The cost to insure Indonesia’s bonds against default rose to the highest this year as the falling rupiah and accelerating inflation fueled concern foreign investors will pull out of the country.
Five-year credit default-swaps on the debt jumped 19 basis points to 180 in the past two weeks. Malaysia’s risk rose the same amount to make the nations the worst performers in Asia. Indonesia's central bank Governor Agus Martowardojo said Monday that the authority sees opportunities to buy the notes when yields rise.

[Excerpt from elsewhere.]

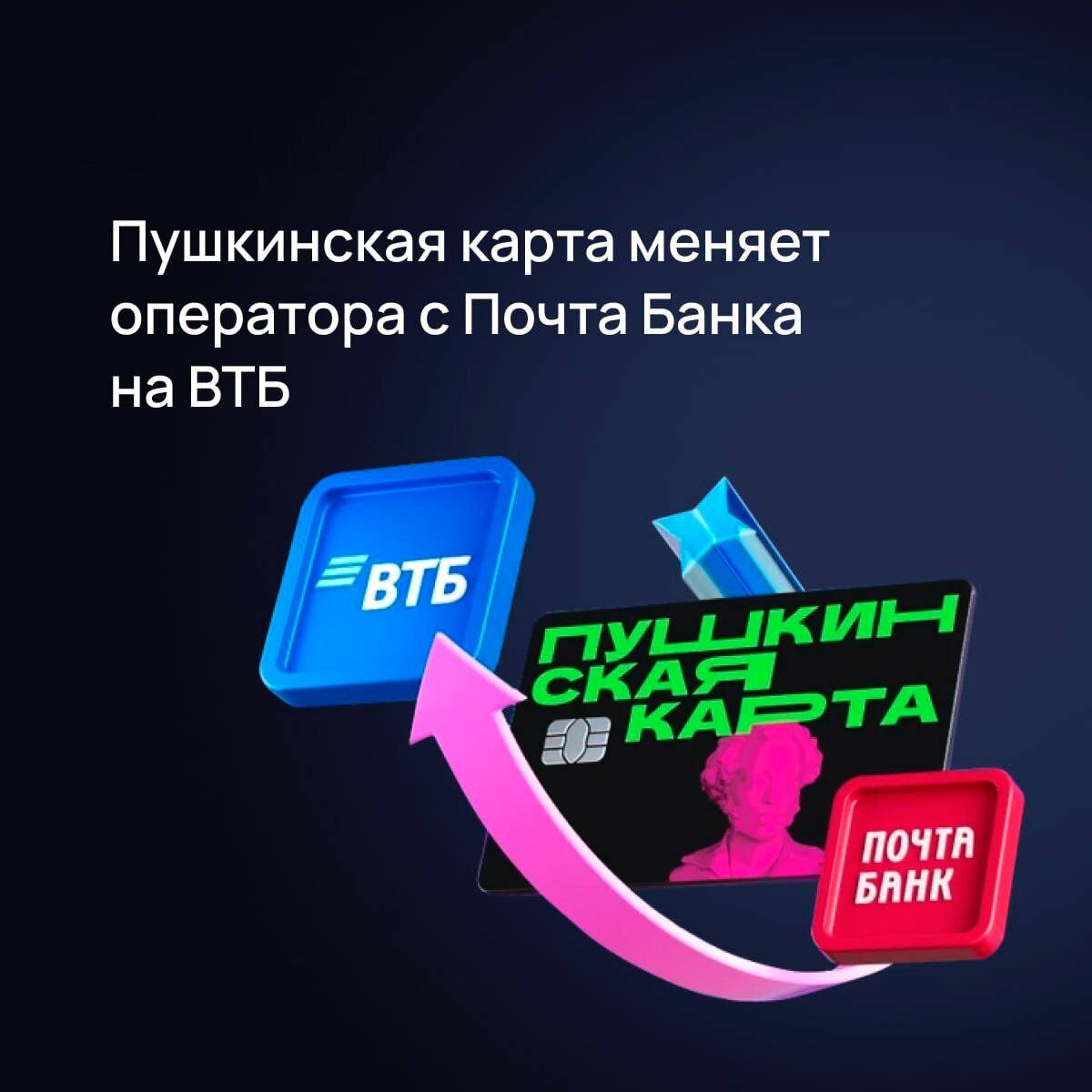 ⚡️ Пушкинская карта меняет оператора с Почта банка на ВТБ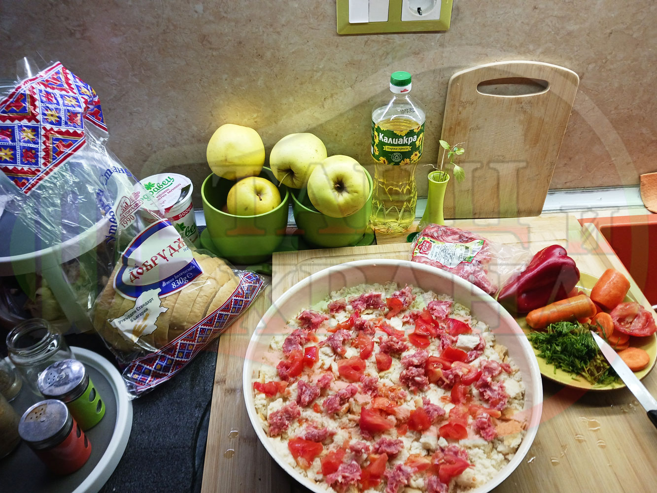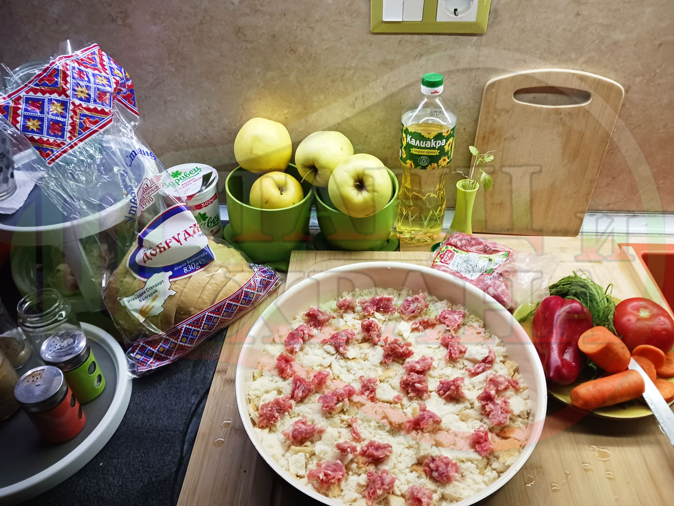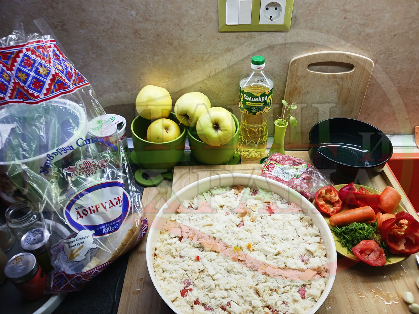 ПРОДУКТИ: Приблизителни количества за многопластова хлебна баница "Каймянодоматена киселомлечна червеночушковоморковена" запечена на фурна с кайма, домати, червени пресни чушки и моркови с яйчено млечна заливка приготвена със свеж копър, стар чесън и кисело мляко от България

Inflation will remain above 7 percent through September, Bank Indonesia forecasts, as an El Nino weather pattern threatens to damage crops. The rupiah’s descent to a 17-year low is limiting scope for the central bank to support the economy by cutting interest rates.
“The concern is that all these factors will see investors demanding much higher yields and readjusting their positions,” said Ikhwani Fauzana, head of rates trading at PT Bank Negara Indonesia in Jakarta. “But it’s too risky for the central bank to lower rates to help growth as the rupiah’s response would be drastic, so they’re caught in a difficult place.”
The rupiah has led declines in Asia to drop 7.5 percent this year to 13,385 a dollar and reached the weakest since August 1998. If it falls past 13,400, foreign investors who pumped 46 trillion rupiah ($3.4 billion) into Indonesian debt in January and February, will start to incur losses, according to PT Mandiri Sekuritas, a unit of the country’s largest lender.
The yield on 10-year sovereign bonds jumped 25 basis points this week to a 15-month high of 8.77 percent. Four of the last five sovereign auctions failed to meet their targets.
The central bank sees risk of a currency war over the next three years if the Federal Reserve rates normalization happens gradually, Martowardojo said Monday, adding that the authority will seek to maintain exchange-rate stability.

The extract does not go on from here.